Exercise requirements -> Wherever pictures appear in the listing below, leave them out, and copy exactly, and only, everything from the line with "Oha...nicht angeschnallt, kein" down to the line with "Large accessible hair, barbering, beauty".

Records for the exercise ->

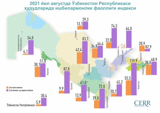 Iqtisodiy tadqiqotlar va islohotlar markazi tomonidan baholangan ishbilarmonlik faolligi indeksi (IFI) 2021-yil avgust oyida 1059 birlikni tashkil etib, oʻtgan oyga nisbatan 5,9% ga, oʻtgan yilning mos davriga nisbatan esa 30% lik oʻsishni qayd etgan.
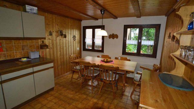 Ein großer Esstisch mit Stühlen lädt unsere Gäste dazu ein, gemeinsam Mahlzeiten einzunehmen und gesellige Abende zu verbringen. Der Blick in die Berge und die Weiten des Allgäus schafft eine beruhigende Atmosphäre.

...

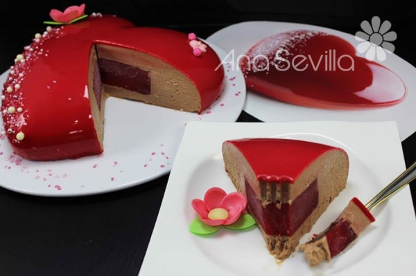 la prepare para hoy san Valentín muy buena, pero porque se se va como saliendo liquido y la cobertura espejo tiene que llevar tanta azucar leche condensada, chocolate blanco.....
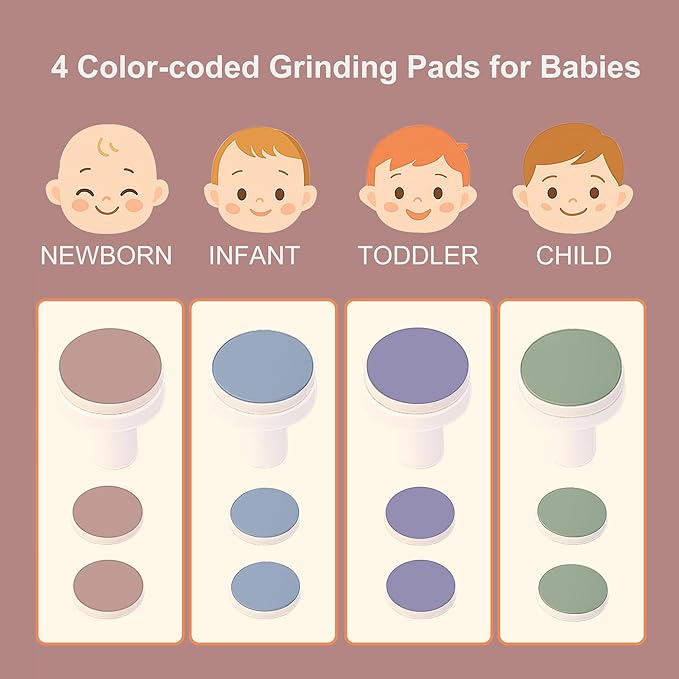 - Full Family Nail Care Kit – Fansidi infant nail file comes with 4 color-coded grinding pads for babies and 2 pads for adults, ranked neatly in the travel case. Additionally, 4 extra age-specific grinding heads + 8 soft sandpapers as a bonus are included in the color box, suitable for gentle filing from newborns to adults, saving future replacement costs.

--

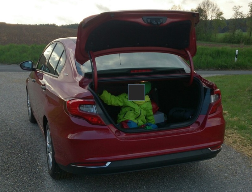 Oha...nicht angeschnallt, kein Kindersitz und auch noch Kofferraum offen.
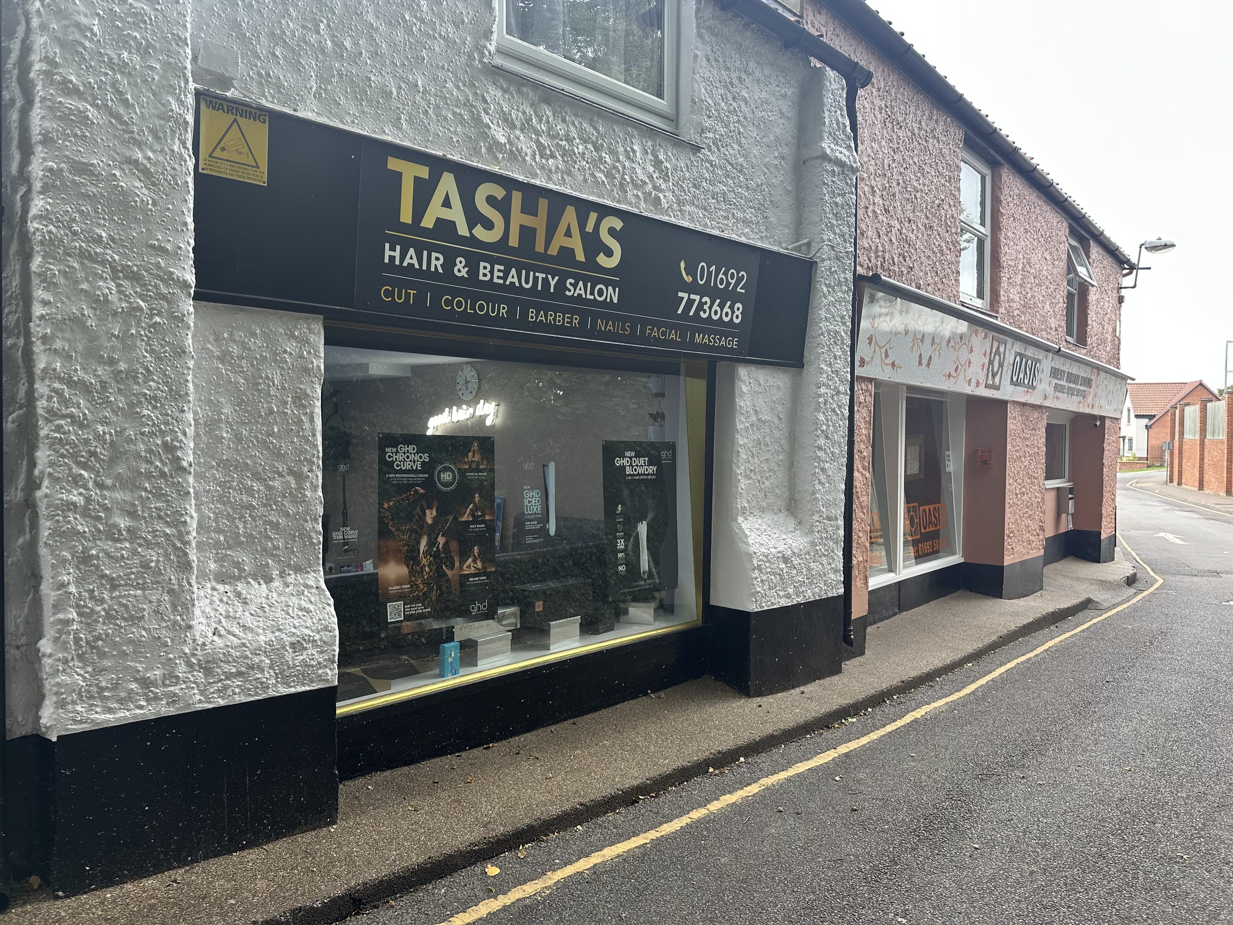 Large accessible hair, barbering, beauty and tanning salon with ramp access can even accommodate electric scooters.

Reply to the task ->
 Oha...nicht angeschnallt, kein Kindersitz und auch noch Kofferraum offen.
 Large accessible hair, barbering, beauty and tanning salon with ramp access can even accommodate electric scooters.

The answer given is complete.